Blessed are the Tastemakers

I went shopping for indie rock CDs in Canada, and figured out what's wrong with higher education in America.

Specifically, I was in a CD store on Rue St. Denis in Montreal, where my lovely wife and I were on vacation over the holiday weekend. Since the Canadian good bands per capita ratio is, for reasons that are not entirely clear to me, at least 50 times greater than the American ratio, I had high hopes upon entry. But it soon became clear that I was out of my league. I'm one of those people who's heard of all the good Canadian bands that everyone's heard of (the New Pornographers alone have made three of my 25 favorite albums of the decade) but none of the bands that nobody's heard of. This store seemed exclusively dedicated to the latter. There was an obligatory copy of Neon Bible for sale, but that was hardly the point.

After getting over being confronted with the limits of my coolness, I noticed some interesting things about the store itself. Even though it wasn't very big, they were only using about 20% of the available floorspace. Most of the CDs were on single row of tables in the middle. They could have easily fit 10 times as many CDs into the store if they had wanted to, but they obviously didn't, because this store wasn't selling access to music. They were selling taste.

Our younger readers may not believe this, but there was a time not so long ago when you could know that a CD (or LP) existed, want to buy it, have the money to buy, but be unable to buy it, simply because you couldn't find anyone to sell it to you. There was no Amazon or eBay or iTunes; if they didn't have it at the local Strawberrys or Tape World, you were out of luck.
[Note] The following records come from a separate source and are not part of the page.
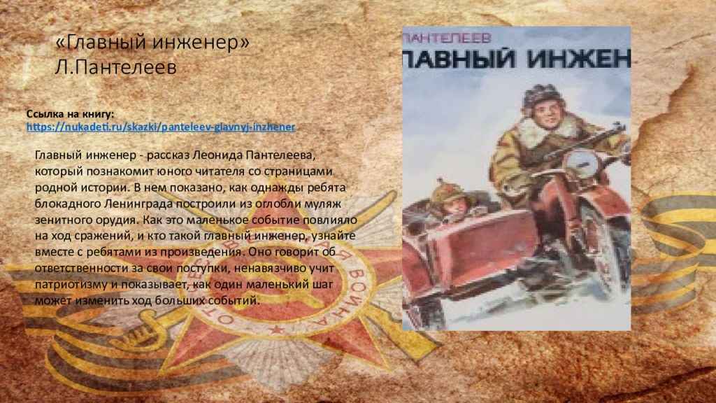 Ссылка на книгу: https://nukadeti.ru/skazki/panteleev-glavnyj-inzhener Главный инженер - рассказ Леонида Пантелеева, который познакомит юного читателя со страницами родной истории. В нем показано, как однажды ребята блокадного Ленинграда построили из оглобли муляж зенитного орудия. Как это маленькое событие повлияло на ход сражений, и кто такой главный инженер, узнайте вместе с ребятами из произведения. Оно говорит об ответственности за свои поступки, ненавязчиво учит патриотизму и показывает, как один маленький шаг может изменить ход больших событий.
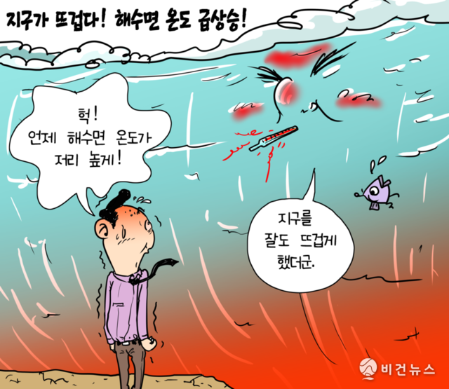 [비건만평] "지구가 뜨거워" 해수면 온도 급상승
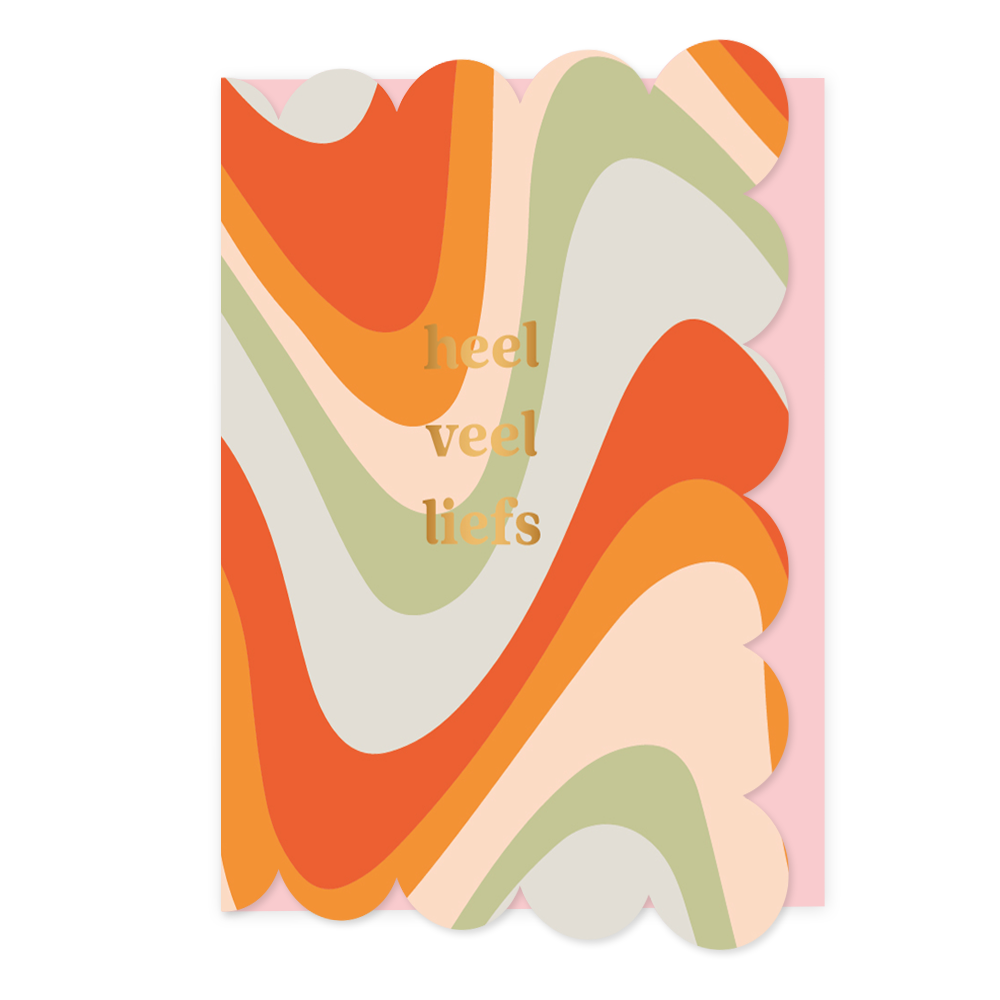 De wenskaart heeft een afmeting van x en een staande vorm. Op deze wenskaart staan lijnen in de kleuren rood, oranje, beige, groen en blauw, met in het midden de tekst: "Heel veel liefs". De binnenzijde van de wenskaart is bedrukt met een ontwerp passend bij de voorzijde van de kaart .
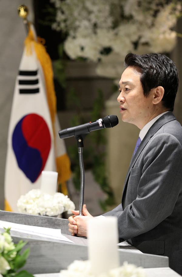 4일 오후 수원 월드컵경기장 내 WI컨벤션에서 열린 '경기도사립유치원연합회 회장 이취임식'에서 남경필 경기도지사가 축사를 하고 있다. /경기도 제공
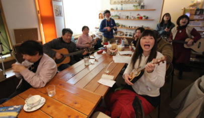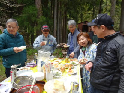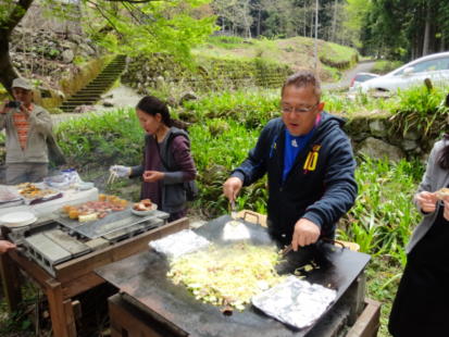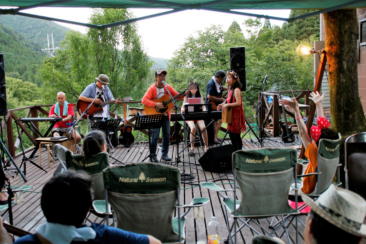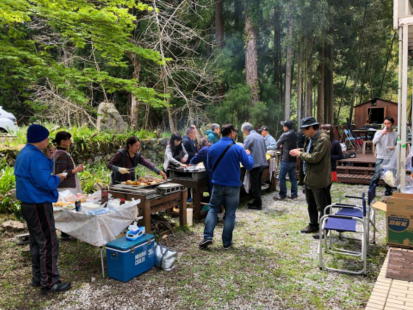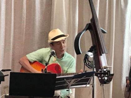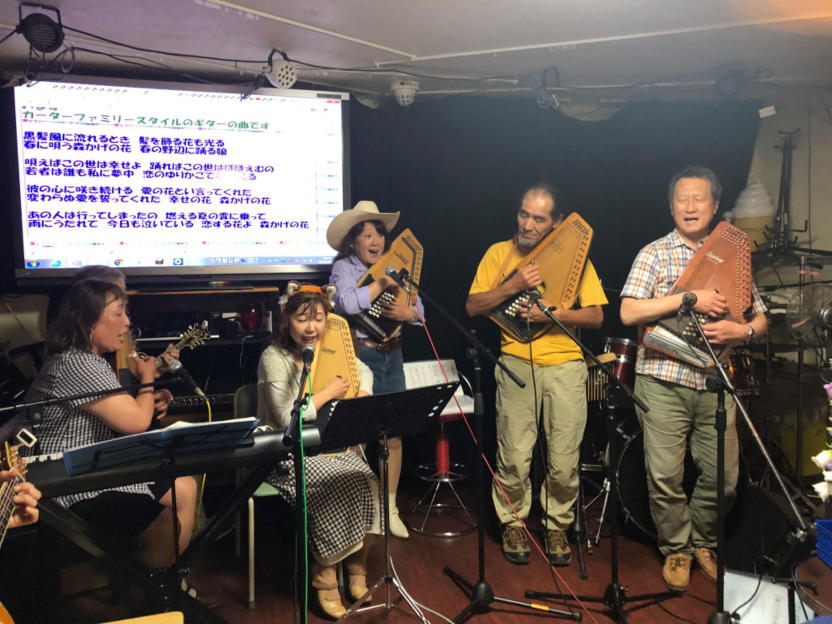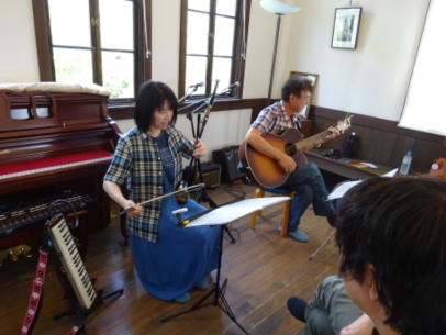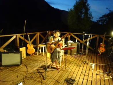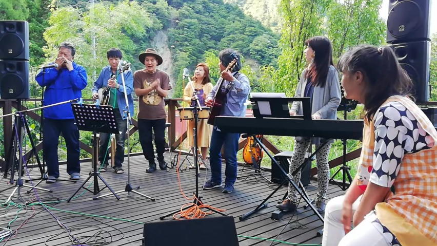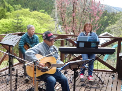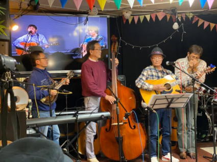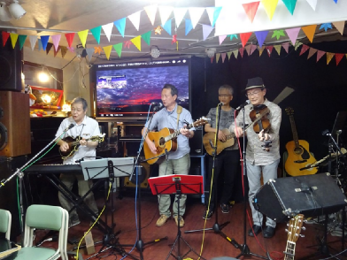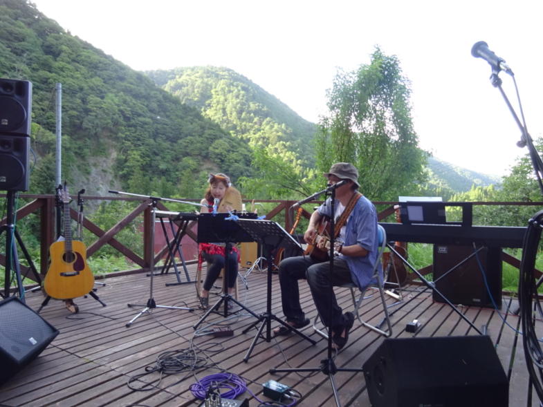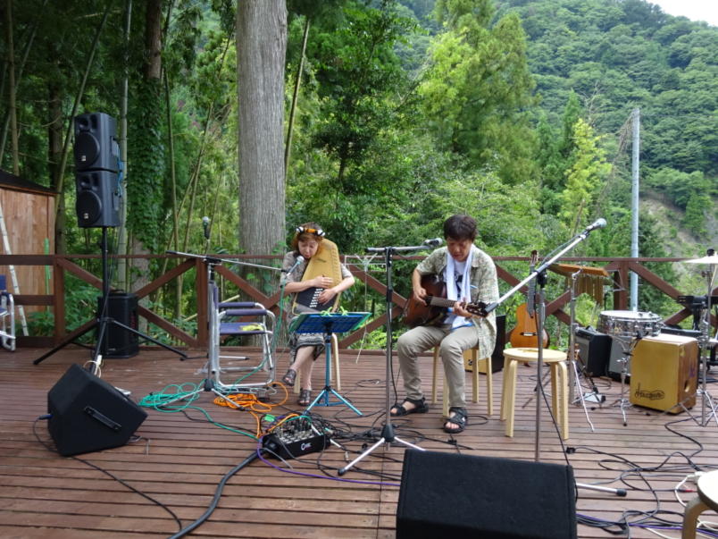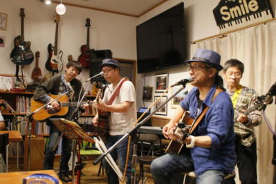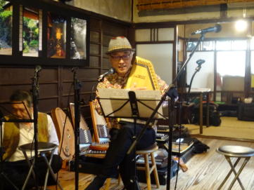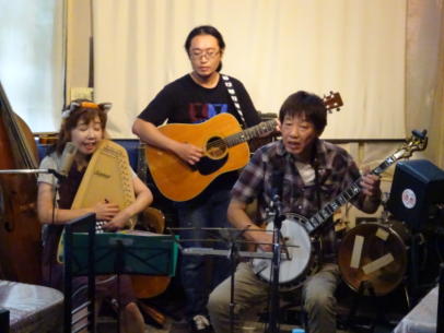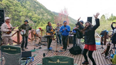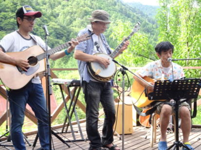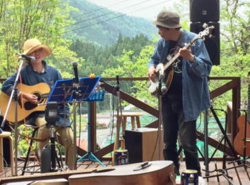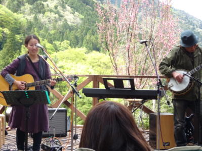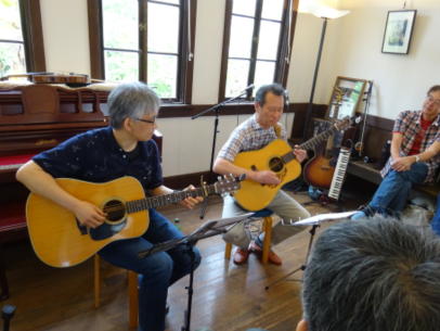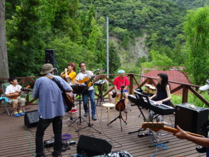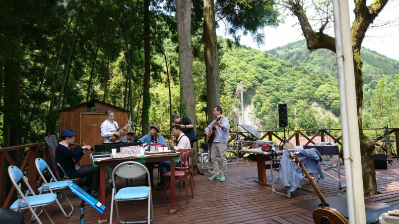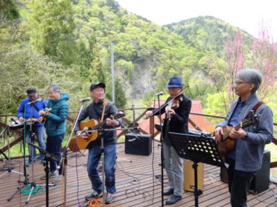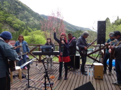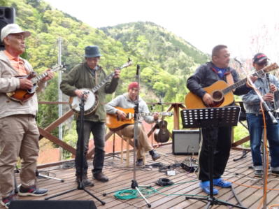 もう何回目になるのかな。大津市葛川の今宮邸にて、ホームパー ティのような和やかなライブに参加させていただきました こんな素敵な風景をバックに演奏させていただくだけでも大満足 です。 日頃から仲良くしてもらっている皆さんと一緒に、食べて、歌っ て、ホントに楽しい一日でした。 今回は大型連休中4回に分けて開催され、この日はカントリー系 バンドの集まり。それぞれ得意の楽器を持って、自由なセッショ ンで大盛り上がりとなりました。 みんなで楽しめる音楽って、ホントにいいですね!
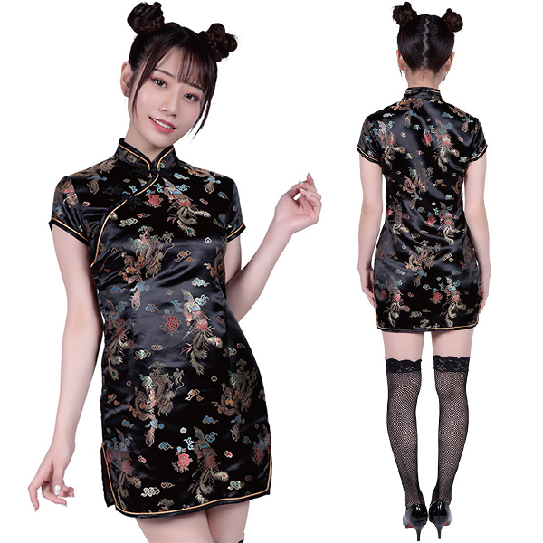 人気のミニチャイナにゆったりサイズが登場!両サイドのスリットでセクシーさが溢れ出るミニスカチャイナ。
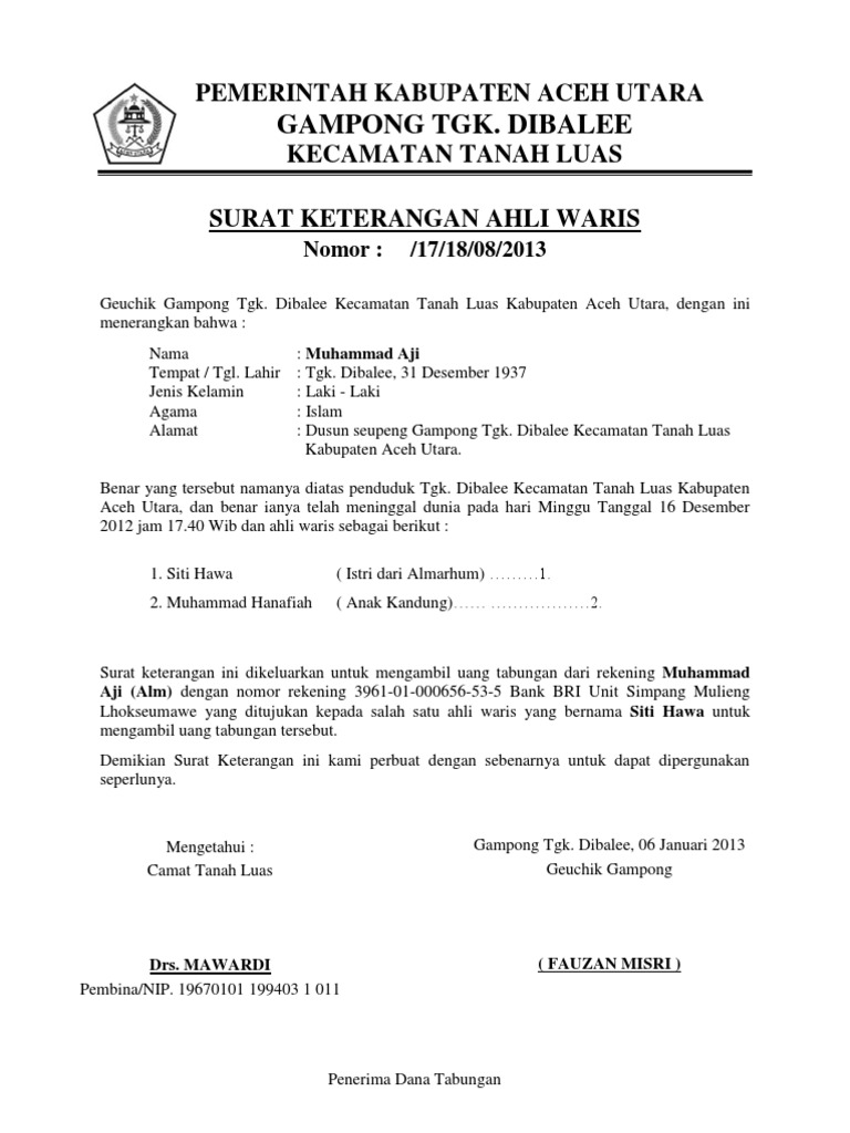 Contoh surat ahli waris untuk bank bri. Contoh surat ahli waris untuk bank yang baik dan benar. Surat ini biasanya dibuat oleh seorang anak atau anggota keluarga yang berhak menerima warisan dari orang yang telah meninggal dunia. Tuesday 30th august 2016 01 29.
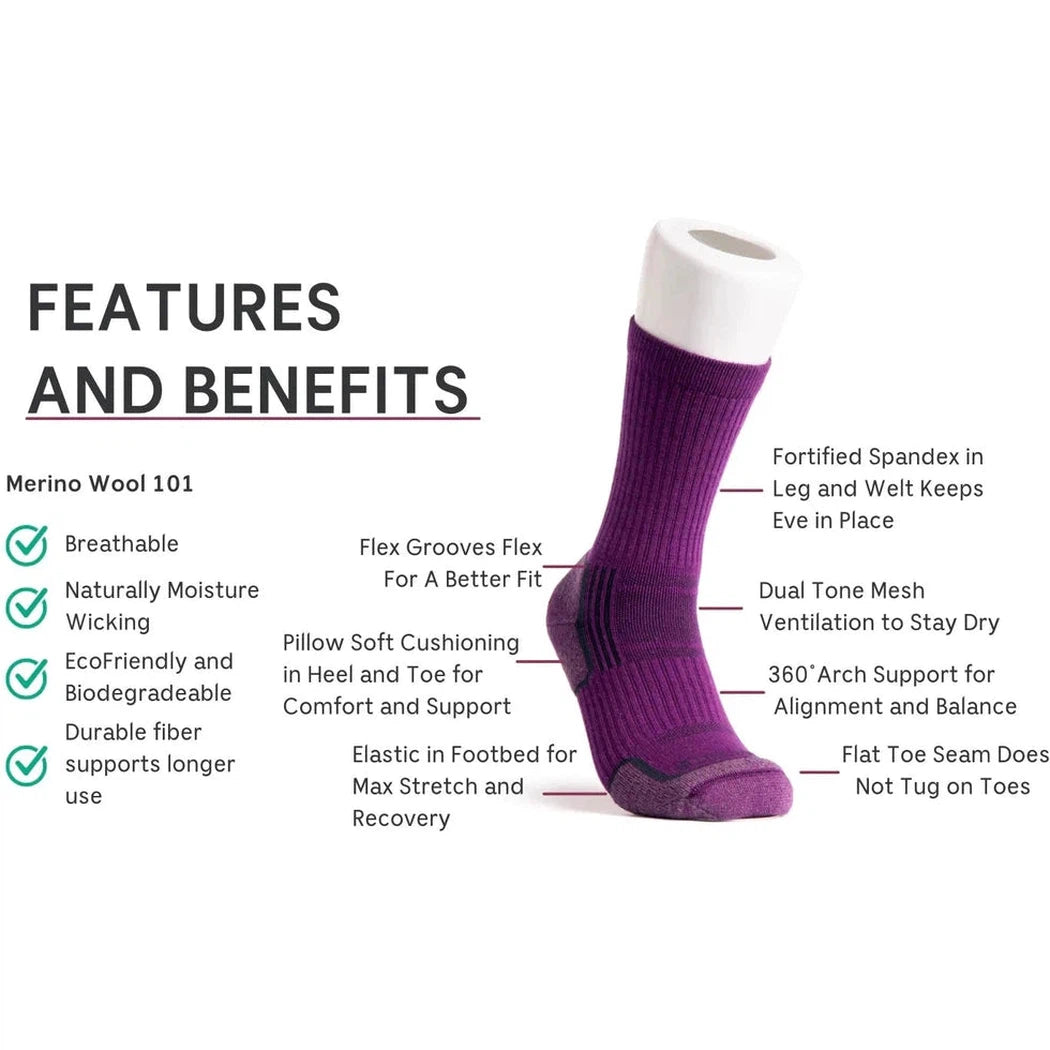 - Compression zones around the arch, ankle, and leg offer support and help the sock stay in place.
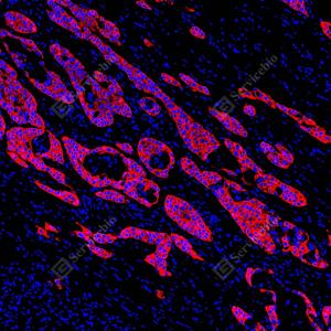 | IF检测Cytokeratin 1蛋白(货号 GB150183)(红色). 样品: 人宫颈癌, 4%多聚甲醛 (货号G1101) 固定12-24小时. 抗原修复: 抗原修复仪(货号 ARI-4),柠檬酸抗原修复液(干粉, pH 6.0) (G1201), 100℃, 25分钟. 封闭: 3% BSA(货号GC305010)的PBS溶液, 室温孵育30分钟. —抗: 1: 1000稀释, 4℃ 孵育过夜. 二抗: Cy3标记山羊抗小鼠IgG (H+L) (货号GB21301), 1: 300稀释, 室温孵育1小时. |
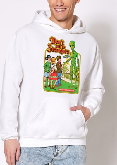 Friendly reminder: Don't talk to strangers. This officially licensed alien hoodie by Steven Rhodes is the perfect addition to your wardrobe and will have everyone giggling! Officially licensed Crewneck Long sleeves Material: Cotton Care: Machine wash; tumble dry low Imported This shirt is Unisex Sizing only For a fitted look, order one size smaller than your normal size Note: This item is print to order and may have a 1 to 2 day extra processing time Note: This style is also available as at shirt.

That's why a visit to someplace like Tower Records in New York City was always so great--it was a whole building full of music, where you'd spend hours flipping through the racks looking for the early Smiths album you were missing or--even better--the fabled "European import" of some Neil Young concert from the early 70s.

The point being, Tower records was selling access to stored information, in this case sonic information. Then the Internet came along and opened up that access to everyone, everywhere. Not surprisingly, Tower went bankrupt. But the store on Rue St. Denis is still open, because the challenge of the information age isn't in gaining access to information, it's making sense of it. It's not figuring out how to buy CDs, it's figuring out which CDs to buy--and which not to. Those are issue of judgement and taste, which only people can provide. The value of the Montreal CD store was as much in the albums that weren't on sale as in those that were. In that context, only using 20% of your floor space makes a lot of sense.

The store also had a single wall rack that took this principle to even further extremes. While the rack was built to hold CDs about 10 deep, only the first three rows were in use. They were devoted exclusively to the gods and giants--Hendrix, Bowie, Neil Young, the Stones, Iggy Pop, Johnny Cash, Leonard Cohen (this being Canada), the New York Dolls, etc. (Although this last selection strikes me as somewhat false; I think it was Chuck Klosterman who noted that while everyone can recite the one-paragraph version of the Dolls' seminal place in the late '70s NYC punk scene and thus life as we know it, no one other than self-serious rock critics ever listens to their music, owns their albums, or even knows what they sound like. The image and idea of the Dolls were infinitely more important than any music they actually made).

Moreover, the CD store wasn't just selling the standard "essentials" catalogue for each artist. Instead, there was a carefully selected combination of iconic works, under-appreciated studio albums (i.e. Axis: Bold as Love), obscure concerts, BBC session outtakes, etc. It was pretty cool.

What, you may ask, does this have to do with higher education?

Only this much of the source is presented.